**Exercise data:**

____

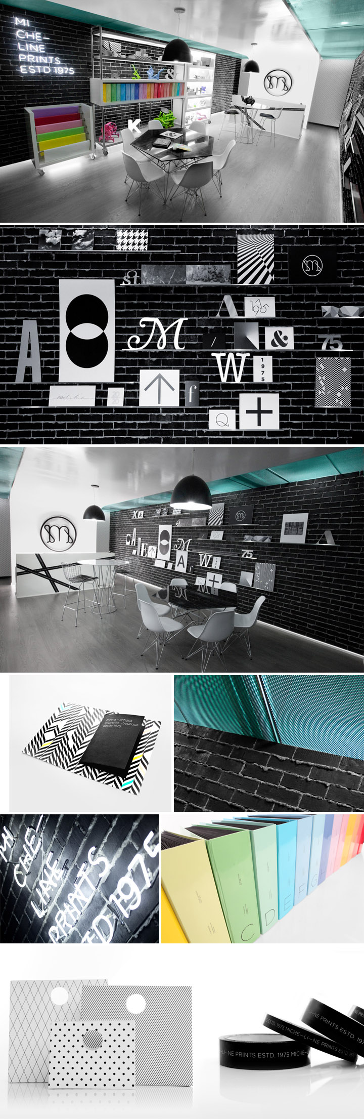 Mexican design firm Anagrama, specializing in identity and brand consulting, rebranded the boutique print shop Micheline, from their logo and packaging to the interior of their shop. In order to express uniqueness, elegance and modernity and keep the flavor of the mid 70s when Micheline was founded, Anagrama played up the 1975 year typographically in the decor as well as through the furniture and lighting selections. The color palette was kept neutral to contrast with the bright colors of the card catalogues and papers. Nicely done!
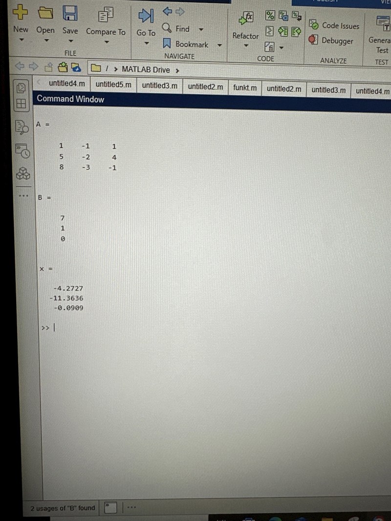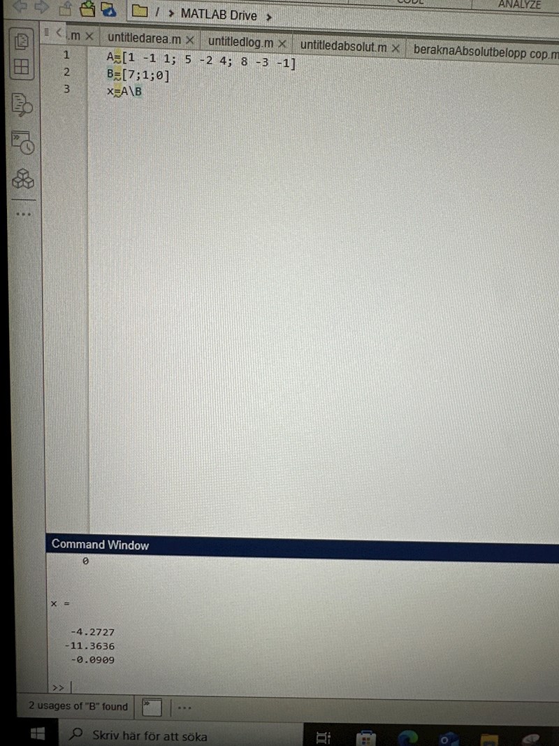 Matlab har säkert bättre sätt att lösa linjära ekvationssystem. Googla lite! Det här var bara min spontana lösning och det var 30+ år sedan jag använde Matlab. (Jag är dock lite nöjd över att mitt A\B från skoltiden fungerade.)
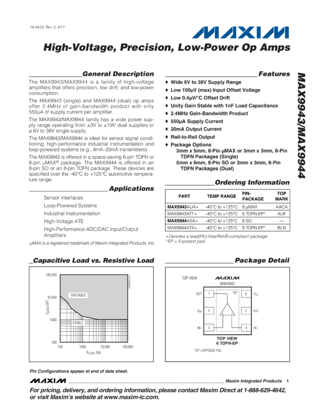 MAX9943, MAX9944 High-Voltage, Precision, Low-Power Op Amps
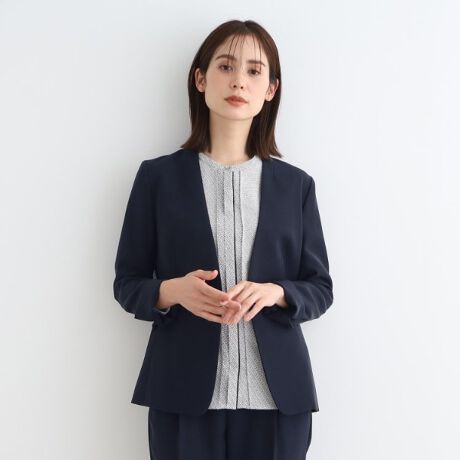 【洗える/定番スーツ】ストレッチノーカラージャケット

____

**Task description:**
Restate all of the material above word for word. Pictures do not belong in it.

**Exercise response:**
 Mexican design firm Anagrama, specializing in identity and brand consulting, rebranded the boutique print shop Micheline, from their logo and packaging to the interior of their shop. In order to express uniqueness, elegance and modernity and keep the flavor of the mid 70s when Micheline was founded, Anagrama played up the 1975 year typographically in the decor as well as through the furniture and lighting selections. The color palette was kept neutral to contrast with the bright colors of the card catalogues and papers. Nicely done!
 Matlab har säkert bättre sätt att lösa linjära ekvationssystem. Googla lite! Det här var bara min spontana lösning och det var 30+ år sedan jag använde Matlab. (Jag är dock lite nöjd över att mitt A\B från skoltiden fungerade.)
 MAX9943, MAX9944 High-Voltage, Precision, Low-Power Op Amps
 【洗える/定番スーツ】ストレッチノーカラージャケット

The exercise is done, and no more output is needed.